**ABOUT THIS TASK**
Any picture in the listing is left out of the copy; all else is duplicated exactly.

--- GIVEN ENTRIES Enclosed Below ---

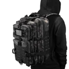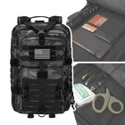 Brand:Hannibal TacticalDesc: Military Tactical Backpack Large 3 Day Assault Pack Army Molle Bug Out Bag Outdoor Rucksacks hunting backpack Travel Bag USA Flag Patch 2*V Locks 1*Tactical D-RingCapacity: Tactical backpack size approx.:12"*20"*13" / 30*50*33CM (W*H*D)Military backpack is made of 600x600 Density fabric, quality and water-resistantMolle webbing to allow for expansion and customization to make it the perfect base for the bug-out or edc bagMilitary assault pack with double-stitched, Heavy duty zippers and utility-style cord pulls, Mesh ventilated padded back panel, Padded shoulder straps and sternum strap with quick release bucklesMilitary backpack has hydration compartment that works great for any hydration bladder up to 3L. As hydration backpack or outdoor hiking camping backpackThis tactical assault pack backpack can be used as 3 day assault pack, Army backpack, Bug out bag backpack, Range bag, Military rucksack, Hunting backpack, Sport bag, Or day pack for daily use LARGE CAPACITY - Military tactical backpack size approx.:12"*20"*13" / 30*50*33CM (W*H*D) This 40L tactical military assault backpack is made of quality and water-resistant High Density fabric, works great with 3L hydration bladder MULTI-FUNCTIONAL - There are 2 main compartments, 2 small compartments in front, and a back compartment for a hydration bladder. Each of the compartments has variety pockets to help with organization. The large compartment area has an elastic strap to hold laptops or anything you don't want to move around. Each pocket has two zipper pulls, and one of the compartments that can fully open all the way down to the bottom like suitcase. COMFORTABLE & TOUGH - The shoulder straps are padded and adjustable and the waist belt expands enough. The thick mesh padding back area and shoulder straps will not pinch you under heavy duty. This MOLLE system tactical 3 day assault pack can be used as bug out bag backpack, hunting backpack, range bag, survival backpack or trekking backpack, etc. The Y strap and buckle on the front is great to roll up a sweatshirt or light jacket. And the straps at the bottom can be used to hold a tent or sleeping pad. The front and both sides come with MOLLE loops. PACKAGE INCLUDED - 1 Tactical backpack, US Flag patch, 2pcs D-Ring, 1pc MOLLE Webbing Dominators. Should you have any additional problem, please let us know without hesitation at any time.
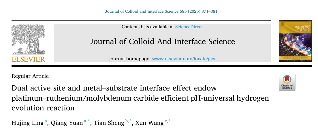 采用电解水制取绿氢对于实现“双碳”目标和可持续发展至关重要。近期,化学与化工学院袁强教授课题组(纳米与能源工程创新课题组)在全pH析氢反应(HER)电催化剂的研究中取得研究进展。该研究结果以“Dual active site and metal–substrate interface effect endow platinum–ruthenium/molybdenum carbide efficient pH-universal hydrogen evolution reaction”为题发表在期刊《Journal of Colloid and Interface Science》上(中科院一区,影响因子9.4)。第一作者为2022级硕士研究生令狐镜,指导老师为袁强教授。
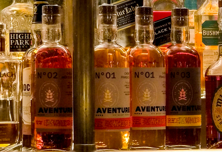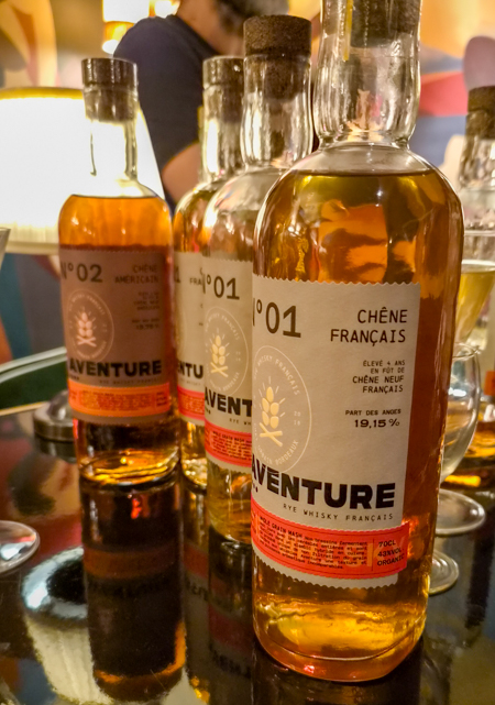 Derrière ces whiskies, une belle et longue histoire d’amitié, et surtout un travail artisanal précis : deux brassins et deux distillations par semaine, un alambic hybride en cuivre, et un vieillissement marqué par des variations d’hygrométrie et de température extrêmes dans le chai ‘ouvert’ qui les accueille, à surveiller de très près tout comme la “part des anges” qui peut atteindre 20 à 30 % sur les 3 à 5 années de maturation des breuvages. Un choix artisanal assumé, qui confère aux whiskies Aventure leur intensité, et leur signature.
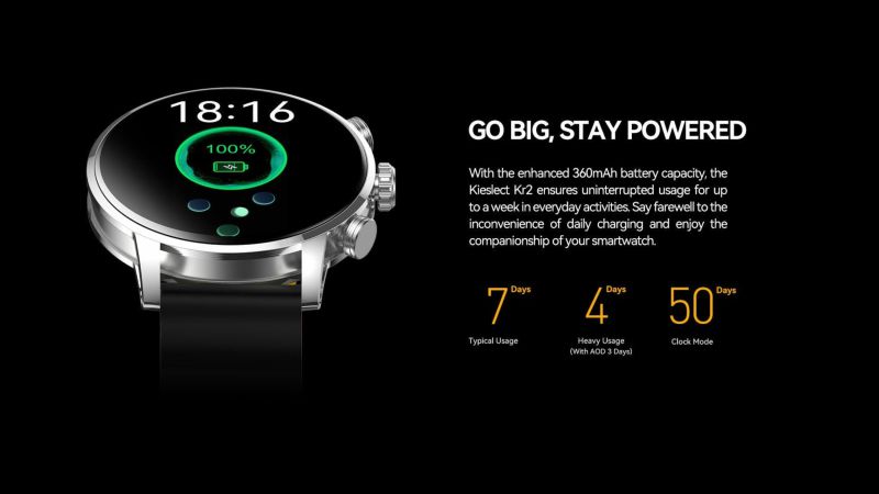 Đồng hồ thông minh KIESLECT KR2 được trang bị viên pin 360mAh cho thời gian sử dụng lên tới 7 ngày. Hơn nữa, đồng hồ này cũng chỉ mất 2 tiếng để sạc đầy pin, người dùng có thể sử dụng liên tục mà không bị gián đoạn. Ngoài việc sở hữu một viên pin lớn, đồng hồ này còn có khả năng chống nước IP68 giúp bảo vệ tối đa đồng hồ khỏi những sự cố xảy ra với nước như mồ hôi, mưa nhẹ, nước bắn,...
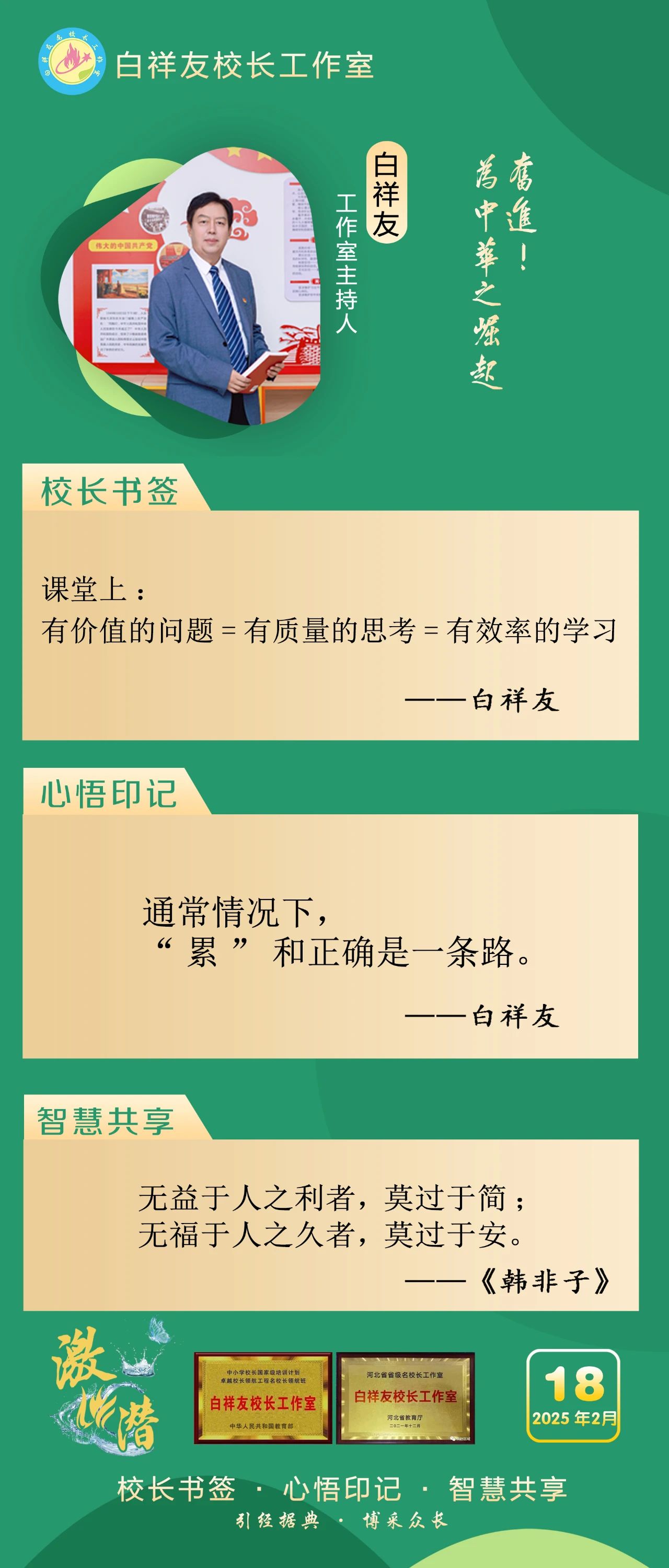 “白祥友校長工作室”成立于2019年4月,是教育部“國培計劃”中小學名校長領航工程、河北省首批名校長工作室,目前省內外成員校56個。工作室堅持“資源共享、智慧共融、互助共贏”理念,已成為思想碰撞的交流場,資源共享的品牌站,成果展示的輻射源。

--- End of Enclosed GIVEN ENTRIES ---

**SOLUTION TO THIS EXERCISE**
 Brand:Hannibal TacticalDesc: Military Tactical Backpack Large 3 Day Assault Pack Army Molle Bug Out Bag Outdoor Rucksacks hunting backpack Travel Bag USA Flag Patch 2*V Locks 1*Tactical D-RingCapacity: Tactical backpack size approx.:12"*20"*13" / 30*50*33CM (W*H*D)Military backpack is made of 600x600 Density fabric, quality and water-resistantMolle webbing to allow for expansion and customization to make it the perfect base for the bug-out or edc bagMilitary assault pack with double-stitched, Heavy duty zippers and utility-style cord pulls, Mesh ventilated padded back panel, Padded shoulder straps and sternum strap with quick release bucklesMilitary backpack has hydration compartment that works great for any hydration bladder up to 3L. As hydration backpack or outdoor hiking camping backpackThis tactical assault pack backpack can be used as 3 day assault pack, Army backpack, Bug out bag backpack, Range bag, Military rucksack, Hunting backpack, Sport bag, Or day pack for daily use LARGE CAPACITY - Military tactical backpack size approx.:12"*20"*13" / 30*50*33CM (W*H*D) This 40L tactical military assault backpack is made of quality and water-resistant High Density fabric, works great with 3L hydration bladder MULTI-FUNCTIONAL - There are 2 main compartments, 2 small compartments in front, and a back compartment for a hydration bladder. Each of the compartments has variety pockets to help with organization. The large compartment area has an elastic strap to hold laptops or anything you don't want to move around. Each pocket has two zipper pulls, and one of the compartments that can fully open all the way down to the bottom like suitcase. COMFORTABLE & TOUGH - The shoulder straps are padded and adjustable and the waist belt expands enough. The thick mesh padding back area and shoulder straps will not pinch you under heavy duty. This MOLLE system tactical 3 day assault pack can be used as bug out bag backpack, hunting backpack, range bag, survival backpack or trekking backpack, etc. The Y strap and buckle on the front is great to roll up a sweatshirt or light jacket. And the straps at the bottom can be used to hold a tent or sleeping pad. The front and both sides come with MOLLE loops. PACKAGE INCLUDED - 1 Tactical backpack, US Flag patch, 2pcs D-Ring, 1pc MOLLE Webbing Dominators. Should you have any additional problem, please let us know without hesitation at any time.
 采用电解水制取绿氢对于实现“双碳”目标和可持续发展至关重要。近期,化学与化工学院袁强教授课题组(纳米与能源工程创新课题组)在全pH析氢反应(HER)电催化剂的研究中取得研究进展。该研究结果以“Dual active site and metal–substrate interface effect endow platinum–ruthenium/molybdenum carbide efficient pH-universal hydrogen evolution reaction”为题发表在期刊《Journal of Colloid and Interface Science》上(中科院一区,影响因子9.4)。第一作者为2022级硕士研究生令狐镜,指导老师为袁强教授。
 Derrière ces whiskies, une belle et longue histoire d’amitié, et surtout un travail artisanal précis : deux brassins et deux distillations par semaine, un alambic hybride en cuivre, et un vieillissement marqué par des variations d’hygrométrie et de température extrêmes dans le chai ‘ouvert’ qui les accueille, à surveiller de très près tout comme la “part des anges” qui peut atteindre 20 à 30 % sur les 3 à 5 années de maturation des breuvages. Un choix artisanal assumé, qui confère aux whiskies Aventure leur intensité, et leur signature.
 Đồng hồ thông minh KIESLECT KR2 được trang bị viên pin 360mAh cho thời gian sử dụng lên tới 7 ngày. Hơn nữa, đồng hồ này cũng chỉ mất 2 tiếng để sạc đầy pin, người dùng có thể sử dụng liên tục mà không bị gián đoạn. Ngoài việc sở hữu một viên pin lớn, đồng hồ này còn có khả năng chống nước IP68 giúp bảo vệ tối đa đồng hồ khỏi những sự cố xảy ra với nước như mồ hôi, mưa nhẹ, nước bắn,...
 “白祥友校長工作室”成立于2019年4月,是教育部“國培計劃”中小學名校長領航工程、河北省首批名校長工作室,目前省內外成員校56個。工作室堅持“資源共享、智慧共融、互助共贏”理念,已成為思想碰撞的交流場,資源共享的品牌站,成果展示的輻射源。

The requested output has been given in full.